Exercise instructions>
Make an exact copy of the lines from the top of the entries below through the line with "The basic approach". Leave all pictures out.

START Source data

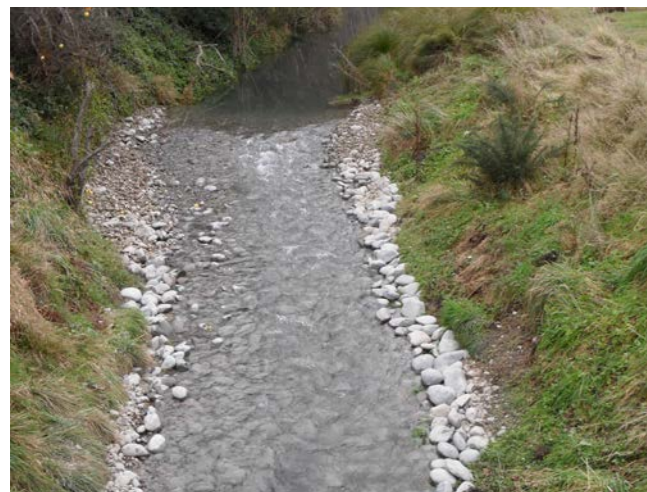
Knights Stream restoration riffle and fish pass

The basic approach of water sensitive design is described in relation to suggested approach 3 under objective 1, in relation to enabling the community to implement water sensitive design measures. Water sensitive design can also be applied at multiple scales, for structure planning, subdivision and site development. It is appropriate for both greenfield sites and brownfield redevelopment. It can have a significant positive effect in reducing adverse effects on water quality and can reduce the effects of downstream flooding by delaying discharges and utilising ground soakage to reduce immediate runoff.
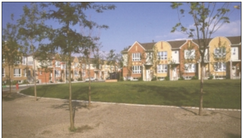
A new neighbourhood on the former Angus Shops site in Montréal, 1999

Current funding models (such as the Federation of Canadian Municipalities' Green Municipal Enabling Fund) should be reviewed, adapted or expanded to accommodate the specific funding needs of brownfield redevelopment. A new grant funding program, involving all levels of government, could be established with criteria for site assessment and revitalization demonstration projects. The criteria should limit the availability of grants to municipalities and non-profit organizations (including properties remediated under the control of these entities) to target those sites where remediation is not market-driven. (For example, a municipality may want to remediate a brownfield site to create a park or build a swimming pool.) However, grant funding could also flow through a municipality or non-profit organization to eligible private sector projects.
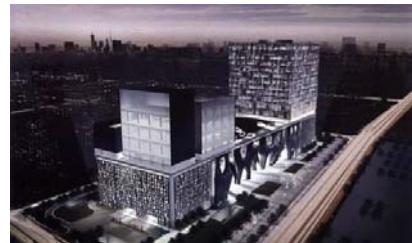
Shanghai's Himalayas Centre
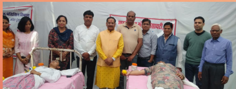
Blood donation camp, Kota, Rajasthan
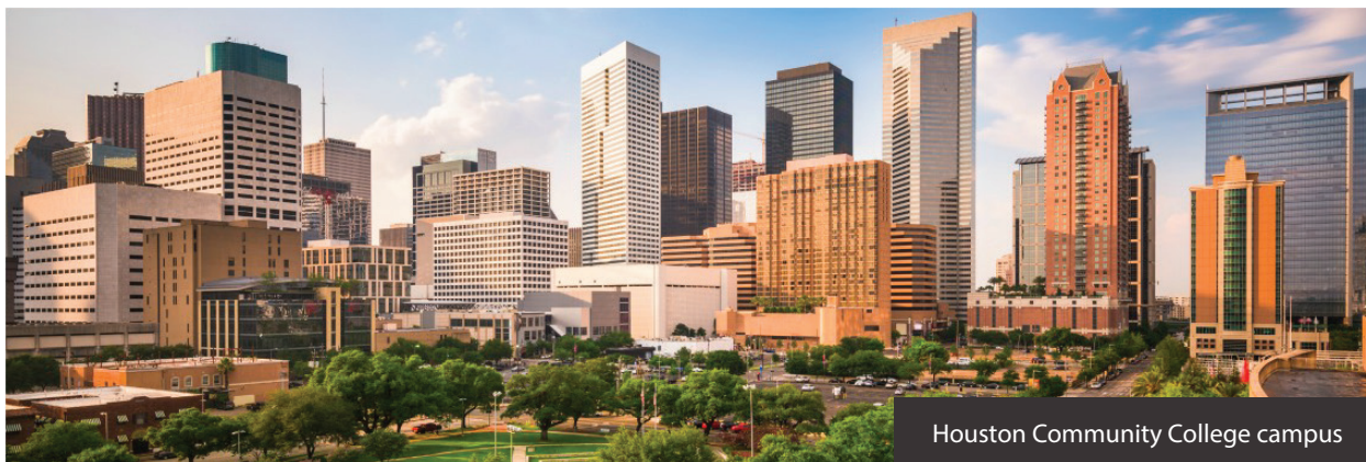
Houston Community College campus

Houston Community College (HCC) is composed of 15 Centers of Excellence and numerous satellite centers that serve the diverse communities in the Greater Houston area by preparing individuals to live and work in an increasingly international and technological society. HCC is one of the country's largest singly accredited, open admission community colleges offering associate degrees, certificates, workforce training, and lifelong learning opportunities.

END Source data

Result>
Knights Stream restoration riffle and fish pass

The basic approach of water sensitive design is described in relation to suggested approach 3 under objective 1, in relation to enabling the community to implement water sensitive design measures. Water sensitive design can also be applied at multiple scales, for structure planning, subdivision and site development. It is appropriate for both greenfield sites and brownfield redevelopment. It can have a significant positive effect in reducing adverse effects on water quality and can reduce the effects of downstream flooding by delaying discharges and utilising ground soakage to reduce immediate runoff.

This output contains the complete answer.